一、走进文登
2026年9月4日夜,随着一声浑厚的汽笛长鸣,收锚离岸,我乘坐的“渤海恒生”号客轮从大连一路南下,历经7个小时的海上航程,5日清晨到达威海。下了岸,乘坐威海王娣女士提前联系的网约车,一路蜿蜒而下,终于抵达威海所属的文登区。
在下榻宾门馆前,我在胶东的挚友袁波早已在此等候。袁波是我多年前通过网络结识的老友,隔着屏幕的日子里,我们虽未曾谋面,却凭借合拍的三观与契合的爱好,慢慢褪去了网络的疏离感,成为彼此可以随心倾诉、真诚相待的知己。初次相见,竟没有丝毫的拘谨与尴尬。眼前的他,与长久以来屏幕里那个豪爽、真诚的模样别无二致。握手寒暄间,多年的网友终于在现实中聚首。
到文登,我在 7 年前就有这个想法。
在写作《吕其恩传》一书时,查阅大量胶东党史史料,吕其恩(吕志恒)作为胶东特委副书记,当年就在文登领导筹划天福山起义,这片土地是他投身革命、点燃胶东抗日烽火的关键之地。纸面上的文字再多,终究隔着一层距离,那些会议旧址、起义遗迹,那些亲历者口述的往事,只在文献里读,总觉得不够真切。于是心底便埋下一个念头:一定要亲赴文登,踏访当年吕其恩战斗工作过的地方,实地考证史料,触摸真实的红色现场,把书本里未尽的细节补齐。只是由于当时我政务缠身,这个心愿一拖再拖。直到此次借着和袁波见面之机,终于成行,也算是迟来多年的史料寻访吧。
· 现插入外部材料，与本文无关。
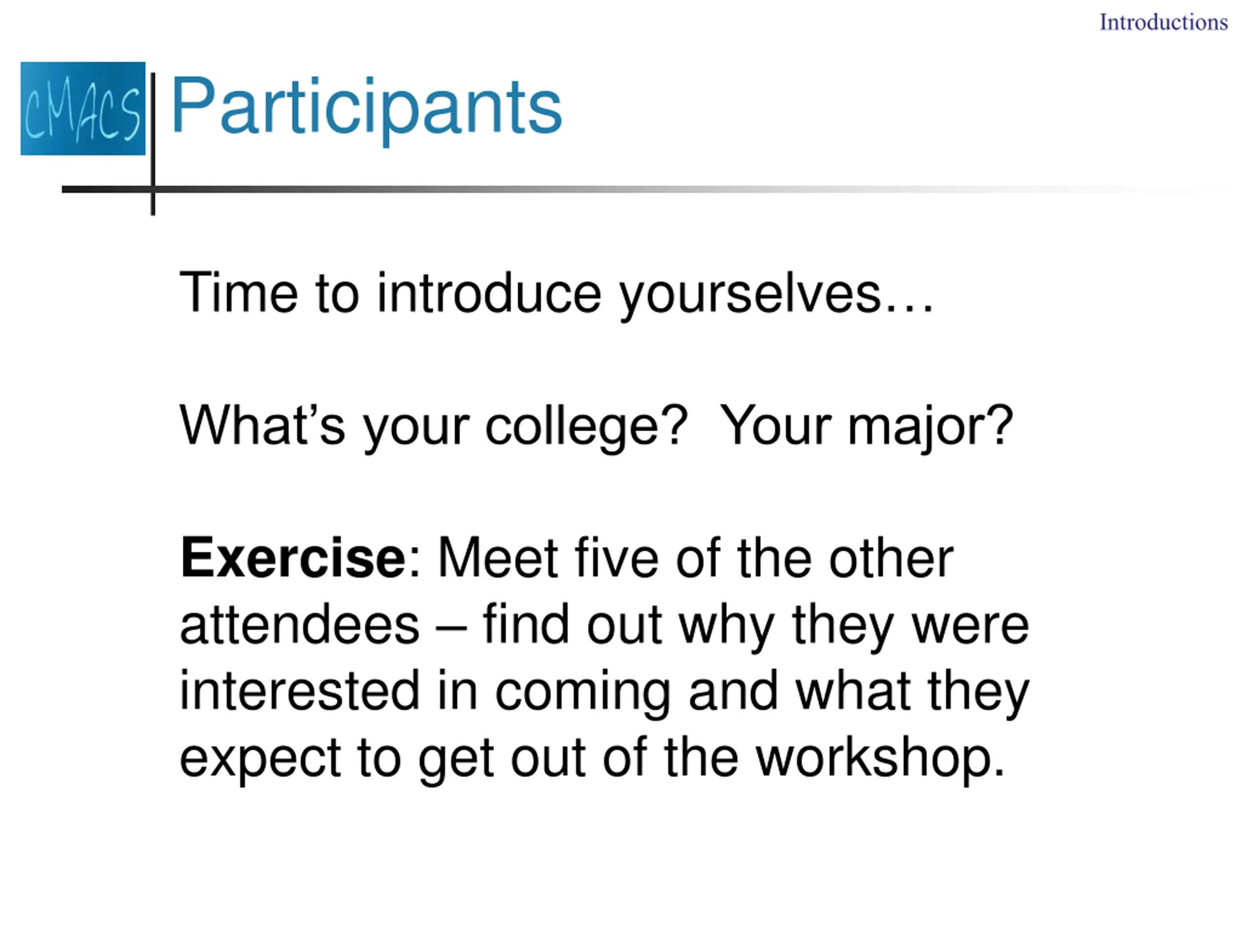 Introductions Participants Time to introduce yourselves What s your college? Your major? Exercise: Meet five of the other attendees find out why they were interested in coming and what they expect to get out of the workshop.

文登是威海辖下的一个区,虽然是区,但很有名气。在去文登之前,我特地查了文登的资料,这座拥有1450余年不间断建制史的文登,是名副其实的千年古县。北齐天统四年(568年)正式置县,因秦始皇东巡召集文人登文山论功颂德而得名,千年岁月更迭、建制绵延不绝,孕育出底蕴厚重的“文登学”文脉,崇文尚学的风骨深深镌刻在这片山海之间,沉淀出独属于文登的古韵与底气。
然而,如果说源远流长的人文历史是文登的厚重底蕴,那么炽热鲜明的红色基因,便是这座古县最动人、最厚重、最坚韧的精神底色。作为红色胶东的源头,从土地革命到抗日战争,从解放斗争到新时代传承,千年文登不止有诗书文脉的温润儒雅,更有热血报国的铁骨丹心。千年建制传承文脉,百年热血赓续初心,古老底蕴与红色血脉交织相融,让这座古县兼具历史厚度与精神力量,也让此次文登之行,兼具了老友重逢的温情与史料寻访的深沉。
二、参观雷神庙战斗遗址
在宾馆放下包裹后,袁波便带我驱车前往此行的第一站——雷神庙战斗遗址。
怀着对胶东这片古老土地的敬仰与好奇,我望向车窗外。车窗外风景如画,昆嵛山脉在远处起伏,层峦叠嶂,像一幅浓墨重彩的画卷。
袁波说:“你别看现在安安静静的,八十年前这里可是胶东抗战的心脏。”他说的不是夸张。文登地处胶东半岛中部,北依昆嵛山,东临黄海,自古为兵家所重。这片连绵的群山,不仅是无数文人墨客、道家信徒心中的圣地,更是土地革命后期我党在北方沿海地区唯一一支红军队伍战斗过的地方。1935年,中共胶东特委在此领导发动了震撼胶东的“一一•四”暴动,浴血奋战后留存的昆嵛山红军游击队,成为当时山东仅存的红军火种。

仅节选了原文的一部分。